Maybe not. I heard a couple picked it up and may join the Cabe soon. See, not all is lost


----------



## Reesatheresa (Jul 12, 2017)

Rest assured, the bike did find a good home.  I am the new owner of it.  I have no plans to part it out.  It is a now a part of my personal collection.  So far, it is cleaning up beautifully.  It has many baths in its future.  The tires cleaned up nicely and the tubes are holding air.  

Sent from my SM-G930P using Tapatalk


----------



## fordmike65 (Jul 12, 2017)

Reesatheresa said:


> Rest assured, the bike did find a good home.  I am the new owner of it.  I have no plans to part it out.  It is a now a part of my personal collection.  So far, it is cleaning up beautifully.  It has many baths in its future.  The tires cleaned up nicely and the tubes are holding air.
> 
> Sent from my SM-G930P using Tapatalk



Good to hear. Please share your progress. I know many of us would love to see her all prettied up again.


----------



## Reesatheresa (Jul 12, 2017)

fordmike65 said:


> Good to hear. Please share your progress. I know many of us would love to see her all prettied up again.



I will be sure to post pictures of her progress.  This bike is causing quite a buzz on a few forums.  [emoji12] 
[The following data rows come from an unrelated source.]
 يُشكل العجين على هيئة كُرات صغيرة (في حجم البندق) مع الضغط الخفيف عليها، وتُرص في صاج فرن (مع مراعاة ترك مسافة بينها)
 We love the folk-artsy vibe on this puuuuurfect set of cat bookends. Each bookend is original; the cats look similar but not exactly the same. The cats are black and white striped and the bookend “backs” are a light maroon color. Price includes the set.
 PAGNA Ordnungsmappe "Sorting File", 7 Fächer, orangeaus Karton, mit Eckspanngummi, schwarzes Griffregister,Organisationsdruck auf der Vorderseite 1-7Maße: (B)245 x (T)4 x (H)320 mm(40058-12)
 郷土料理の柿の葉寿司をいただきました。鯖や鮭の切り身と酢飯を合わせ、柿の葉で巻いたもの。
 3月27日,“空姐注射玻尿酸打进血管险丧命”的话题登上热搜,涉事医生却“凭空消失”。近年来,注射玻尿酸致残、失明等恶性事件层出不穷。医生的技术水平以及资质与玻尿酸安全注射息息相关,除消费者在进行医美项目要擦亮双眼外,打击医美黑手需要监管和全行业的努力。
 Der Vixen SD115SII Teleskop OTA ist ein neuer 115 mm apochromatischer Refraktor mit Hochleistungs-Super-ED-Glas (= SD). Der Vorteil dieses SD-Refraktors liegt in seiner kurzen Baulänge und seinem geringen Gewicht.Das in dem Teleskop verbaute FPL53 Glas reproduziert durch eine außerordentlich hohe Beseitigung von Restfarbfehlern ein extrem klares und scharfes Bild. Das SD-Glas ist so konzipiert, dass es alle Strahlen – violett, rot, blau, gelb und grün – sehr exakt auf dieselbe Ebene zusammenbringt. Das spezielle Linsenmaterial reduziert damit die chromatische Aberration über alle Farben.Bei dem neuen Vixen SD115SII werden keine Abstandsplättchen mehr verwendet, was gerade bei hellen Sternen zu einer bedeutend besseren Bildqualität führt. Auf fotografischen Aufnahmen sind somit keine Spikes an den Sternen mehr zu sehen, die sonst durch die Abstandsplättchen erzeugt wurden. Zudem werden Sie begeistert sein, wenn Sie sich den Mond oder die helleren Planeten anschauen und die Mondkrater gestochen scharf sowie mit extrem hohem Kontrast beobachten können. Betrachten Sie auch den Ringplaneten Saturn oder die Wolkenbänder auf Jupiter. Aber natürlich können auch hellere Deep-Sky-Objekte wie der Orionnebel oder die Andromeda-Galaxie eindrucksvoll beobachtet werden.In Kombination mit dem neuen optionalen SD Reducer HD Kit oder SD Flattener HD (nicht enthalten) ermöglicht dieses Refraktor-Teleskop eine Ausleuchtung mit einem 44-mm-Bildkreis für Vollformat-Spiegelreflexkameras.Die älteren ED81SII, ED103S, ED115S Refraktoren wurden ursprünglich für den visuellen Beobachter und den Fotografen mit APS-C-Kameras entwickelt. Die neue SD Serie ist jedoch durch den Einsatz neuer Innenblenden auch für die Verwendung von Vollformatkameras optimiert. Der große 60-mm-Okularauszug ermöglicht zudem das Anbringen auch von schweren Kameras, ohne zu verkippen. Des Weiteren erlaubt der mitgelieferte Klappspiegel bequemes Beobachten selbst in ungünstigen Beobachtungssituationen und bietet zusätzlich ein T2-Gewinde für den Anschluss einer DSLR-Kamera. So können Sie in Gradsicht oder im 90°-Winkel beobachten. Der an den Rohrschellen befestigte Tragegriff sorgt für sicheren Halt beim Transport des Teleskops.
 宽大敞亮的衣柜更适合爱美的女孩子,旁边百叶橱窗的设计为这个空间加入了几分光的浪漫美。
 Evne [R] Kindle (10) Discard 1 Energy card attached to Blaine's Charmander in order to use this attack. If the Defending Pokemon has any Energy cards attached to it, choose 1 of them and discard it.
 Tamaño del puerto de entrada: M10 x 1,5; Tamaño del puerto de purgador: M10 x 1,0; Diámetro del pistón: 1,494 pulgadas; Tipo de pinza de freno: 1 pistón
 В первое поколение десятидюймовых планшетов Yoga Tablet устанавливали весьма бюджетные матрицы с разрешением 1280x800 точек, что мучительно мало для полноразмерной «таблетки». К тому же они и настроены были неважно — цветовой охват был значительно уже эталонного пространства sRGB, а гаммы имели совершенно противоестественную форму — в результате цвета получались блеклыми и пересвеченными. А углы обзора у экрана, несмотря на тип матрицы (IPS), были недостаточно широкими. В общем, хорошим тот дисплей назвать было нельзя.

Sent from my SM-G930P using Tapatalk


----------



## Foxclassics (Jul 12, 2017)

Reesatheresa said:


> I will be sure to post pictures of her progress.  This bike is causing quite a buzz on a few forums.  [emoji12]
> 
> Sent from my SM-G930P using Tapatalk



Yes and a big buzz at That! Tim 

Sent from my SM-G920V using Tapatalk


----------



## oskisan (Jul 13, 2017)

I find it interesting that the east coast guys were putting a $700-$800 price tag on this bike repeatedly on facebook... Someone was looking to buy this bike for $200-$300 to flip is for $700+.
Makes me want to move back east... Fordmike65: you got a good deal at $1775, with a speedometer. original front lens, to top it off! Keep me in mind if you ever want to part with it.
Ken-


----------



## fordmike65 (Jul 13, 2017)

oskisan said:


> I find it interesting that the east coast guys were putting a $700-$800 price tag on this bike repeatedly on facebook... Someone was looking to buy this bike for $200-$300 to flip is for $700+.
> Makes me want to move back east... Fordmike65: you got a good deal at $1775, with a speedometer. original front lens, to top it off! Keep me in mind if you ever want to part with it.
> Ken-



I did have interest in this beautiful Shelby and was ready to pay the "California Price" for her, but it didn't work out this time. Instead she's now in a local collector's hands where it looks like she'll be well cared for. 
@Reesatheresa


----------



## partsguy (Jul 13, 2017)

No use in crying about it, somebody just wanted it more. It was won fair and square. At least it wasn't a back-door deal!


----------



## Balloontyre (Jul 13, 2017)

partsguy said:


> No use in crying about it



Yup, yup, yup.  Can't attempt to buy them at 1/2 price and the cry when you don't win.


----------



## Reesatheresa (Jul 13, 2017)

Foxclassics said:


> Yes and a big buzz at That! Tim
> 
> Sent from my SM-G920V using Tapatalk



Tim- It was good to meet you today. We appreciate the tips you gave us.  A guy we know from Chicago said it was on the Old Bikes group.  I have yet to see it.  I sent a request to join, but it is still pending.  -Theresa

Sent from my SM-G930P using Tapatalk


----------



## Foxclassics (Jul 13, 2017)

It was great meeting you guys also.  When you get a chance look at the post from me on Old Bike group 

Sent from my SM-G920V using Tapatalk


----------



## oskisan (Jul 13, 2017)

fordmike65 said:


> I did have interest in this beautiful Shelby and was ready to pay the "California Price" for her, but it didn't work out this time. Instead she's now in a local collector's hands where it looks like she'll be well cared for.
> @Reesatheresa





Whoops... sorry Fordmke65... I thought you were the new proud owner...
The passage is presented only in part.